As the International Monetary Fund points out, “Japan’s total factor productivity growth has been slowing for a decade and has fallen further behind the United States. A steady decline in allocative efficiency since the early 2000s has been a drag on productivity, and likely reflects an increase in market frictions.”
What’s more, the IMF notes, “Japan’s ultra-low interest rates may have allowed low-productivity firms to survive longer than they otherwise would have, delaying necessary economic restructuring. Reforms aimed at improving labor mobility across firms would help improve Japan’s allocative efficiency and boost productivity.”
Unfortunately, Takaichi’s plan to revive Japan’s economy is more of the same. She’s a disciple of former Prime Minister Shinzo Abe, who from 2012-2020 sought to end deflation and restore Japanese growth and innovation. The so-called “Abenomics” that Takaichi is so keen to revive is the reason Japan is struggling amid the Chinese era.
Since 2015, when President Xi Jinping launched his “Made in China” initiative, Asia’s largest economy has invested significantly in artificial intelligence, robotics, biotechnology, electric vehicles, renewable energy, semiconductors, and other emerging technologies.

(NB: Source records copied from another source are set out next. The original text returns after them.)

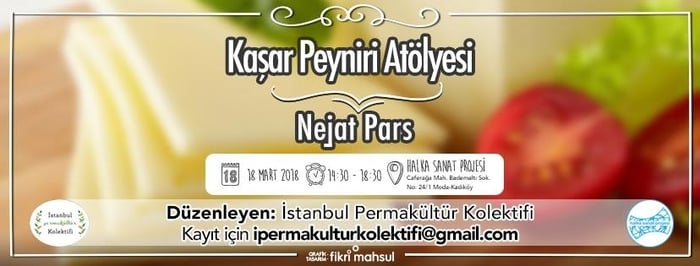 İstanbul Permakültür Kolektifi, Kendi Kendine Yeterlilik Atölyeleri kapsamında, ”Kaşar Peyniri” yapmaya davet ediyor. Atölye’de peynir yapımı, şirden mayası yapımı, lor yapımı ve yoğurt yapımı ele alınacak.
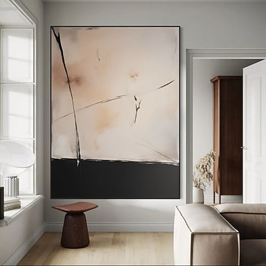 arte murale boho beige e nera, dipinto astratto nero, arte murale wabi sabi beige, dipinto su tela neutro, decorazione murale moderna e minimalista per soggiorno.
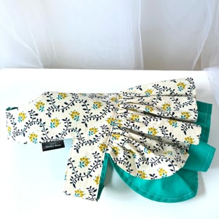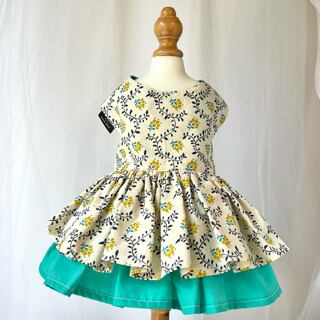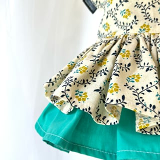 落ち着いた生成り色の生地の下には明るいグリーンの生地を合わせてシンプルながらも可愛らしいドレスになりました。
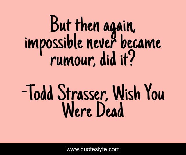 This page presents the quote "But then again, impossible never became rumour, did it?". Author of this quote is Todd Strasser, Wish You Were Dead. This quote is about mystery, rumour,.
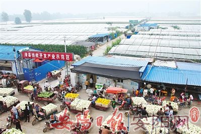 该镇利用瓜果蔬菜上市时间差,弥补各地市场对瓜果蔬菜的需求,培育交易市场,加强对外商贸沟通,打通网上营销渠道。该镇在大广高速公路进出站口附近3公里处协调3.3公顷土地,兴建金御苑瓜菜交易市场,直接对接丹尼斯、万邦等大型商超和瓜菜交易市场,实现“产地+餐桌”的快速营销模式。
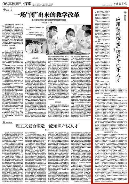 5月23日,中国教育报第六版(高教周刊)刊发了校长刘建清撰写的理论文章《应用型高校怎样培养个性化人才》。

During that time, Japan mostly invested in mediocrity. Between the MOF intervening in currency markets and the BOJ hoarding government bonds and stocks, Tokyo spent the last decade making it acceptable for bureaucrats and corporate executives to avoid reform. Where’s Japan’s DeepSeek AI sensation? Or its BYD, taking the EV market by storm?
In September, real Japanese wages fell for the ninth consecutive month as inflation outpaced nominal pay. This wage-price gap problem complicates the BOJ rate hike plans. Raise rates too much and the BOJ gets blamed for the recession to come. Hike borrowing costs too slowly, and this year’s inflation becomes ingrained.
That month, average nominal wage, or total cash earnings, rose 1.9% year-on-year to 297,145 yen ($1,922). That was well short of a 3.4% jump in consumer prices in the same month. It’s a stark reminder that Tokyo’s 25-year-old weak-yen strategy is blowing up on Asia’s second-biggest economy in real time, leaving the currency on a downward path.
“The scale of yen depreciation in recent years is startling,” says Robin Brooks, economist at the Brookings Institution. “The yen has fallen more in real effective terms than the Turkish lira, which long held the distinction of being the weakest currency across the major markets. Indeed, since the end of 2019 – since just before Covid hit – only one currency, the Egyptian pound, has fallen more than the yen in real terms.”
Brooks adds that “not surprisingly, the scale of this depreciation has sparked debate on its drivers and how much further it can extend.” On some level, he explains, “yen weakness stems from Japan’s very high debt, which forces the bank to cap long-term government bond yields via open-ended bond buying.”
Ultimately, Brooks concludes, “Japan is a cautionary tale about letting debt rise unchecked. Countries can use their central banks to cap government bond yields, but that just transfers weak debt dynamics into currency depreciation.”
A big question is how China might react to renewed yen weakness. China is, after all, grappling with deflation. And prospects for a Chinese economy hitting intensifying headwinds.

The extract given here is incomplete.